Published in TEXT Technology, 4.1 (Spring, 1994), 7-12.

      There are several ways that computers can be used to compare texts of novels and other works to attempt to identify indications of authorship. Some methods that have been used to identify authors' styles are extremely complex, but the two programs discussed in this article use rather simple principles. I created the programs in my language of choice for textual computing: SPITBOL-386.

Comparing Word Lengths

      It has been argued that a straight-forward comparison of word lengths can identify the author of a text. It appears that a careful calculation of the percentage of words of various lengths (one-letter words, two-letter words, and so on) may produce a unique fingerprint for any author. A uniform definition of a word (or token) must be used, of course; the program that I wrote to compare word lengths identifies as a word any string of characters consisting of upper-case letters, lower- case letters, digits, hyphen, and apostrophe -- but the initial character of the string must be a letter.

      Figure 1 shows the output from my program that compares the number and percentage of words of various lengths in two novels by Nathaniel Hawthorne.
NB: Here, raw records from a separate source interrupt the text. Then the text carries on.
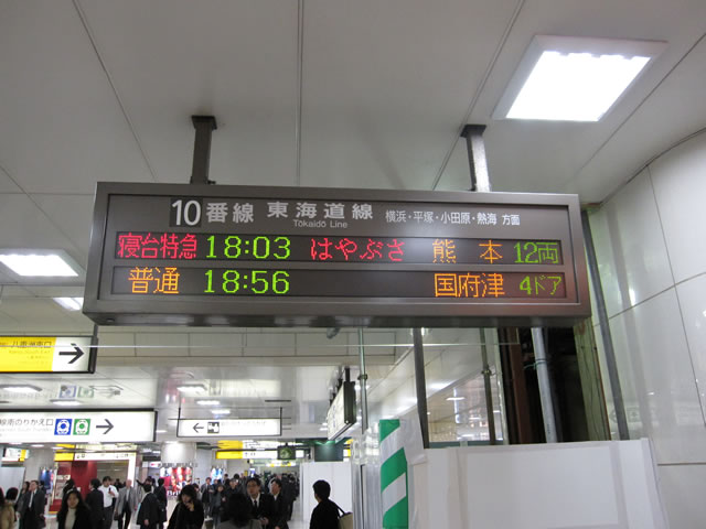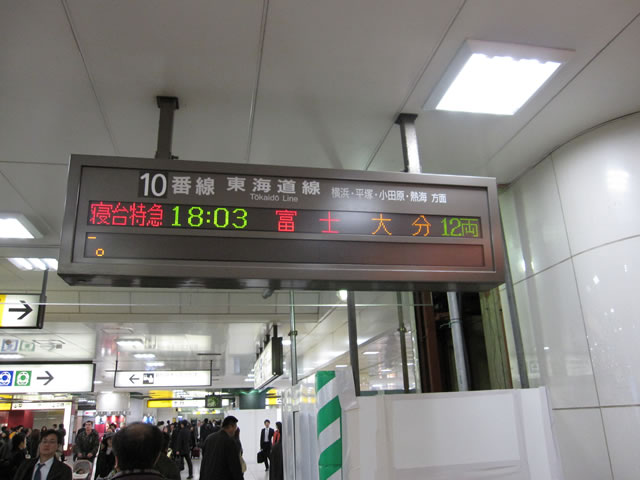 18時03分東京駅発下り寝台特急はやぶさ・富士号熊本・大分行。途中の門司駅まで連結して走ります。
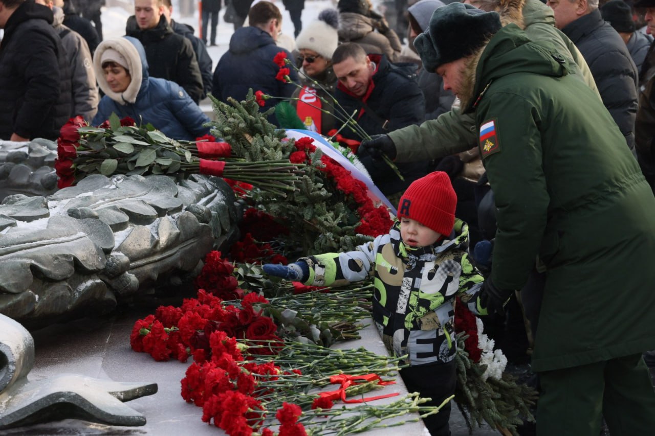 В День защитника Отечества в Челябинске почтили память героев. Вместе с губернатором Алексеем Текслером на торжественной церемонии жители возложили цветы и венки к Вечному огню.
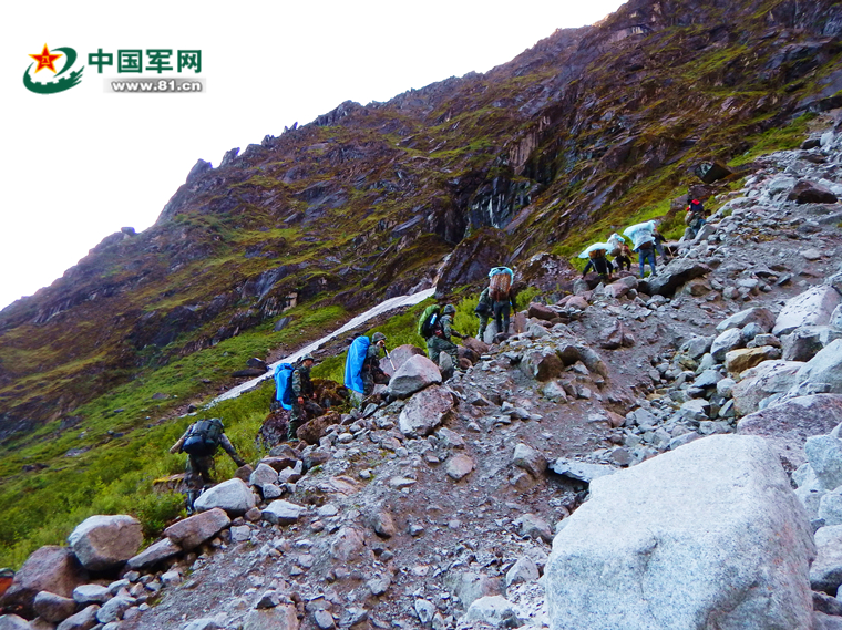 天还没有亮,一队官兵就在巡逻队队长普金承的带领下向边境线出发。峡谷里的天气总是无常,不期而至的大雨让原本就不好走的羊肠小道更加泥泞。战士们打着电筒、喘着粗气,手脚并用向前攀爬。弯腰,站直,再弯腰,再站直……每个人头上冒着的热气,混合着汗水与雨水顺着手中的钢枪滴在地上。

The difference in percentage is listed and also graphed. The file identified as # 1 is The Scarlet Letter, and # 2 is The House of the Seven Gables. The percentage for each word length is remarkably similar. The greatest difference is eight tenths of one percent. Seven word lengths are within one tenth of a percent.

      Figure 2 shows a comparison of the word lengths of two novels by Hawthorne (identified as # 1) and three novels written by my colleague James A. Janke (identified as # 2). They are not too similar. The differences in the percentages of lengths are often over one, and the greatest difference is 3.8. Only one length is within one tenth of a percent.

      A comparison of the word lengths of one group of four plays by Shakespeare with another group of five of his plays showed similarities about like those of the two novels by Hawthorne. The word lengths of James Janke's novels differ one from another a little more than those of Hawthorne. Janke suggested to me that some differences may be due to his working with different publishers and editors; one of his editors told him to use direct, active verbs always, and he did so in his next two novels. Nevertheless, regardless of editors, subject matter, the date of composition, or other variations, my (limited) tests indicate that texts written by the same author seem to have few (or no) differences in word lengths over one percent, and rarely (if ever) differ by two percent or more. Therefore, we might conclude that a comparison of word lengths that looked like Figure 1 indicates that the texts were written by the same author, but that a correlation like that in Figure 2 is good evidence that they were written by different authors.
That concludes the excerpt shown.